== Segment start ==
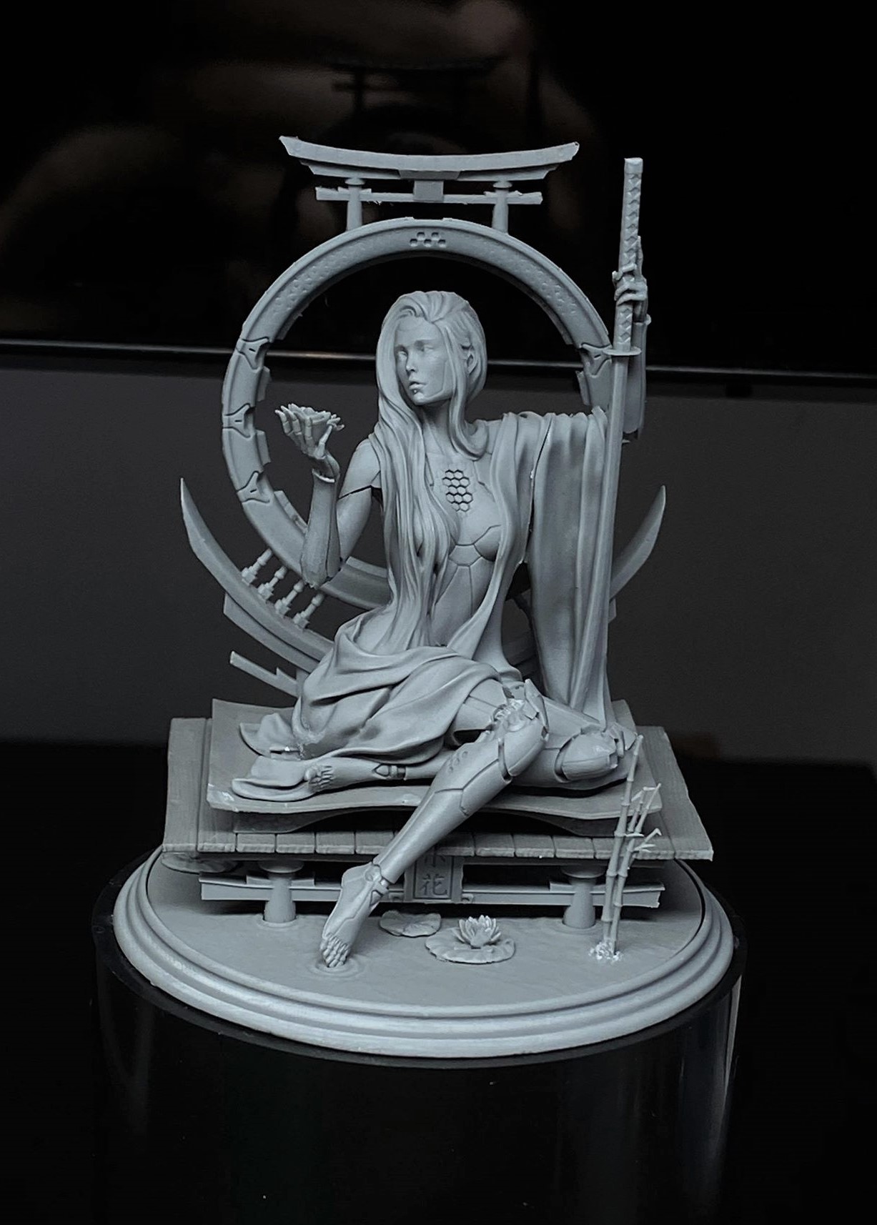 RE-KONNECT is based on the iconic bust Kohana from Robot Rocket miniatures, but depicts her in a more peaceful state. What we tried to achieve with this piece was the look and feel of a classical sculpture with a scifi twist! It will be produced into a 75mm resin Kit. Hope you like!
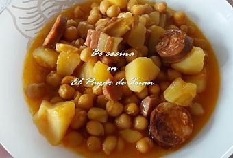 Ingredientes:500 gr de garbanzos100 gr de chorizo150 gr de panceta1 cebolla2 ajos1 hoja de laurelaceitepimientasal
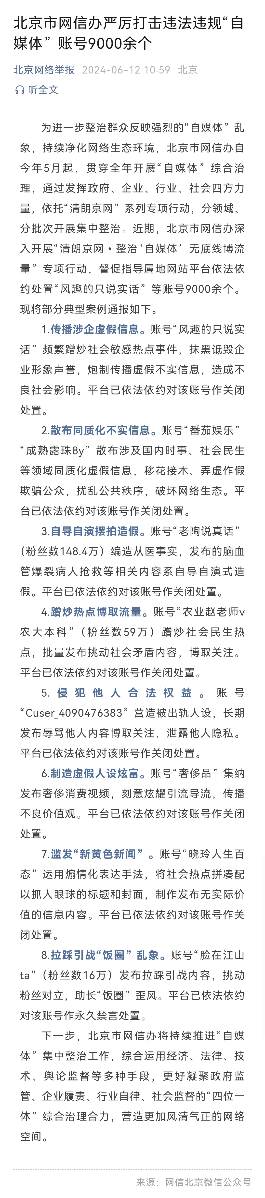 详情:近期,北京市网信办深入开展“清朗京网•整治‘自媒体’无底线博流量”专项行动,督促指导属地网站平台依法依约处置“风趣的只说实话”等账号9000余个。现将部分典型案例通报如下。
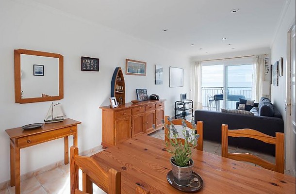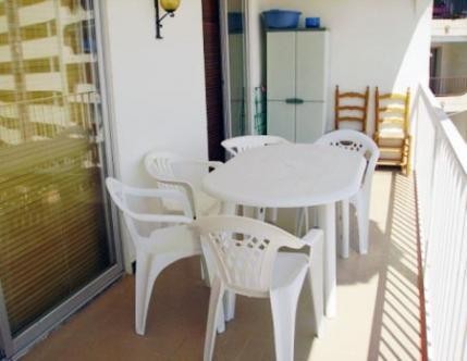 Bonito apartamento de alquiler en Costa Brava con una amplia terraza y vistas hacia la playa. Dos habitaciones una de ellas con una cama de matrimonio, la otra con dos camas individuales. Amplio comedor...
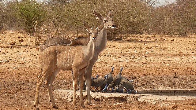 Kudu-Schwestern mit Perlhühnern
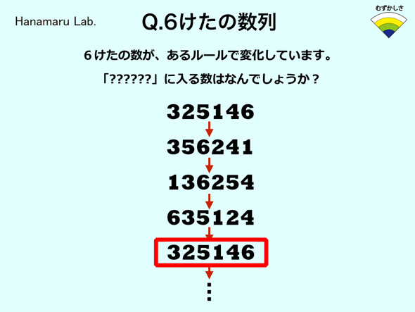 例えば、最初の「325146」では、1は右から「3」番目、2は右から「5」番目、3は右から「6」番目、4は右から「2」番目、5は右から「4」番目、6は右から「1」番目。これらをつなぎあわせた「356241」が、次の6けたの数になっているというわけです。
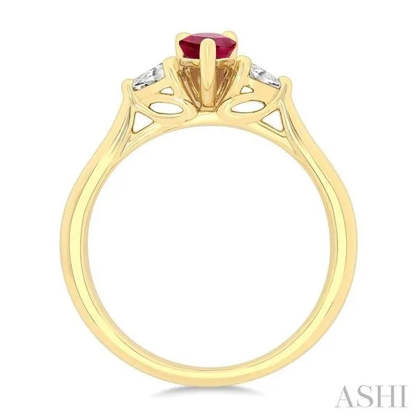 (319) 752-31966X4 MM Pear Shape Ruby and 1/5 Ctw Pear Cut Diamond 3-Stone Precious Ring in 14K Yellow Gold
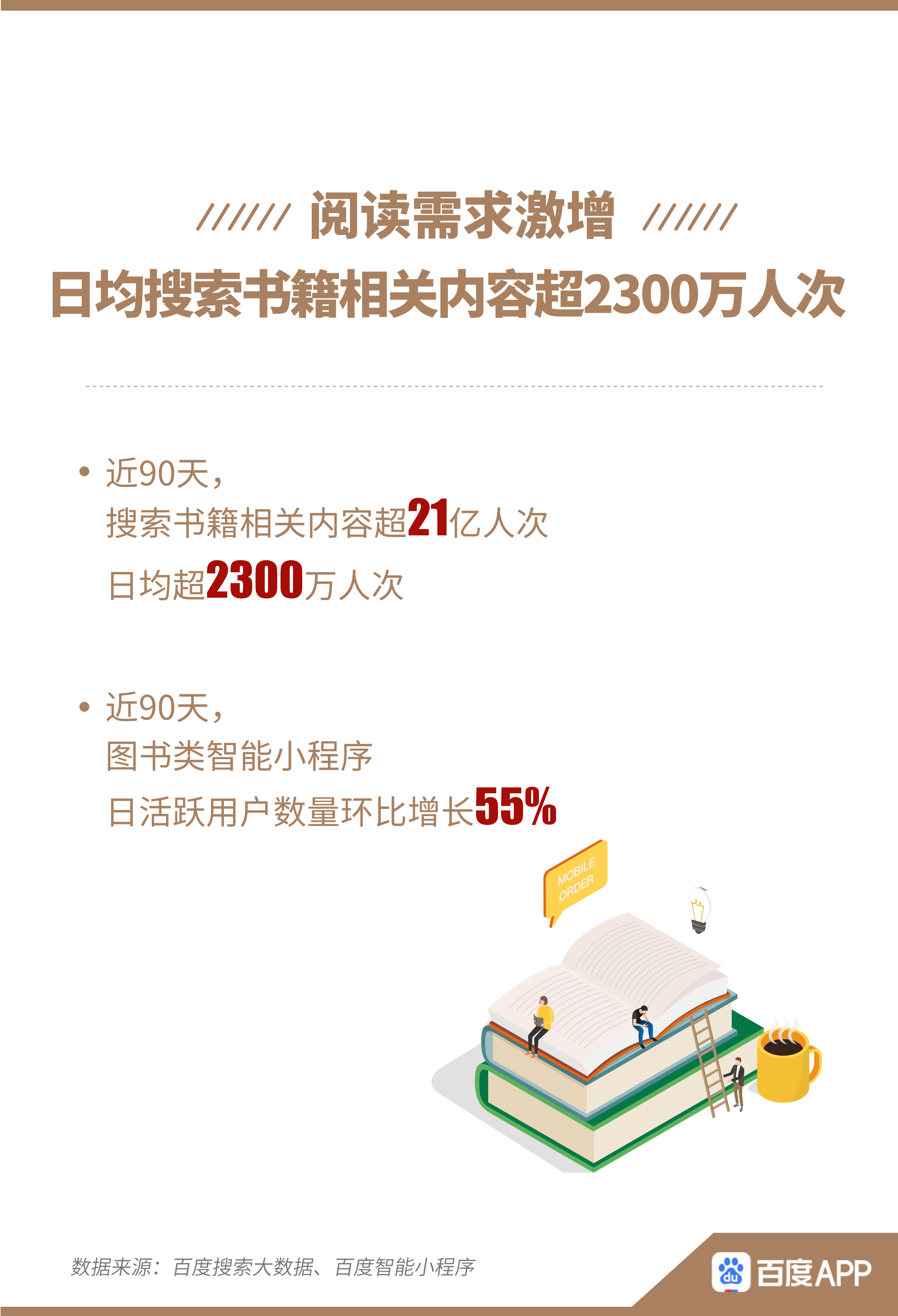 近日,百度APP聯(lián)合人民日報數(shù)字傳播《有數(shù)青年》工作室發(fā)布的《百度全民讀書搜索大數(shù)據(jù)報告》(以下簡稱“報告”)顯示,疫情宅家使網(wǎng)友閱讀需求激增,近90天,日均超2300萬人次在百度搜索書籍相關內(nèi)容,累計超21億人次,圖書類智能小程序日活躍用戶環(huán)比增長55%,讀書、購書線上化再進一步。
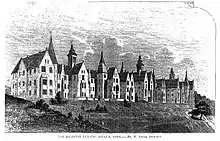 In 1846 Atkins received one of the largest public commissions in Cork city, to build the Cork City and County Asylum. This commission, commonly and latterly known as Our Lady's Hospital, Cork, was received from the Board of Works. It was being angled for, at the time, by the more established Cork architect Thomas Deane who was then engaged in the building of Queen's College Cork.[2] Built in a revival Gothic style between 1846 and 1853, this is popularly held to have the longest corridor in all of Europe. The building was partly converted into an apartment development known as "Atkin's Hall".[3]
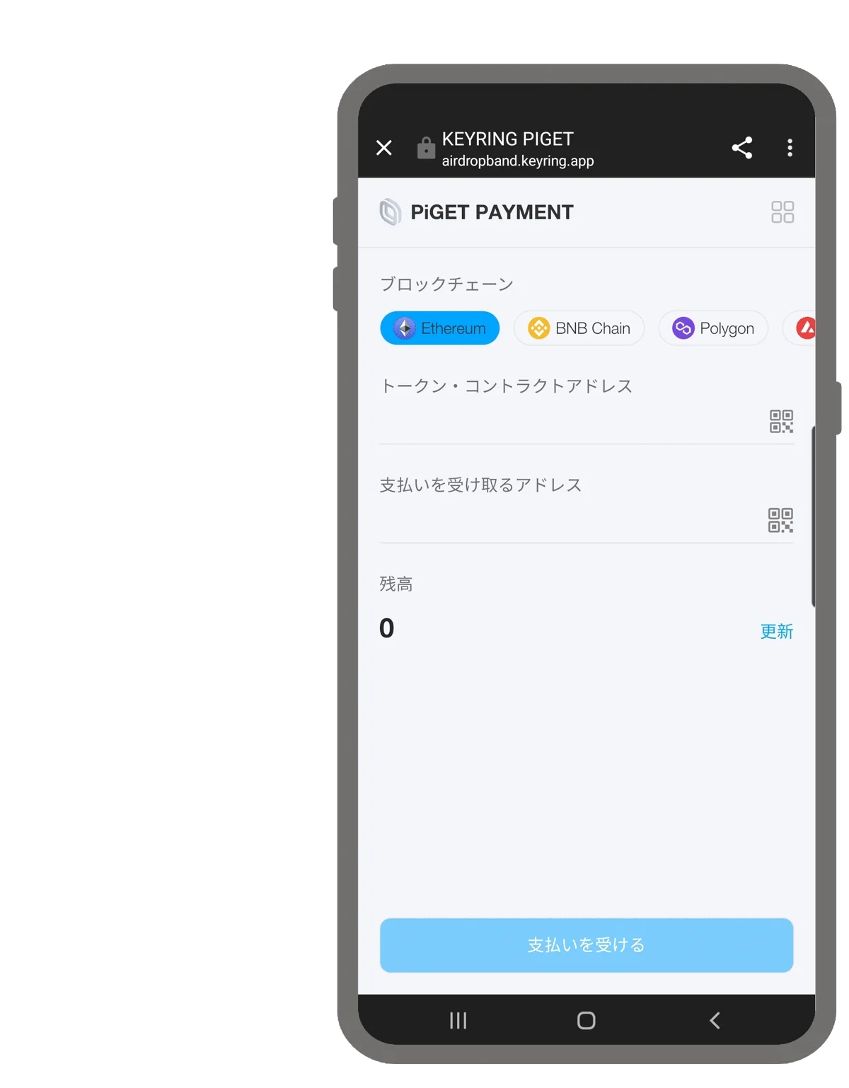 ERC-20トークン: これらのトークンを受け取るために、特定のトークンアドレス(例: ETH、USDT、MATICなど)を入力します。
== Segment end ==
Print the lines from the beginning of the records up to and including the line containing "详情:近期,北京市网信办深入", word for word, with no pictures.

 RE-KONNECT is based on the iconic bust Kohana from Robot Rocket miniatures, but depicts her in a more peaceful state. What we tried to achieve with this piece was the look and feel of a classical sculpture with a scifi twist! It will be produced into a 75mm resin Kit. Hope you like!
 Ingredientes:500 gr de garbanzos100 gr de chorizo150 gr de panceta1 cebolla2 ajos1 hoja de laurelaceitepimientasal
 详情:近期,北京市网信办深入开展“清朗京网•整治‘自媒体’无底线博流量”专项行动,督促指导属地网站平台依法依约处置“风趣的只说实话”等账号9000余个。现将部分典型案例通报如下。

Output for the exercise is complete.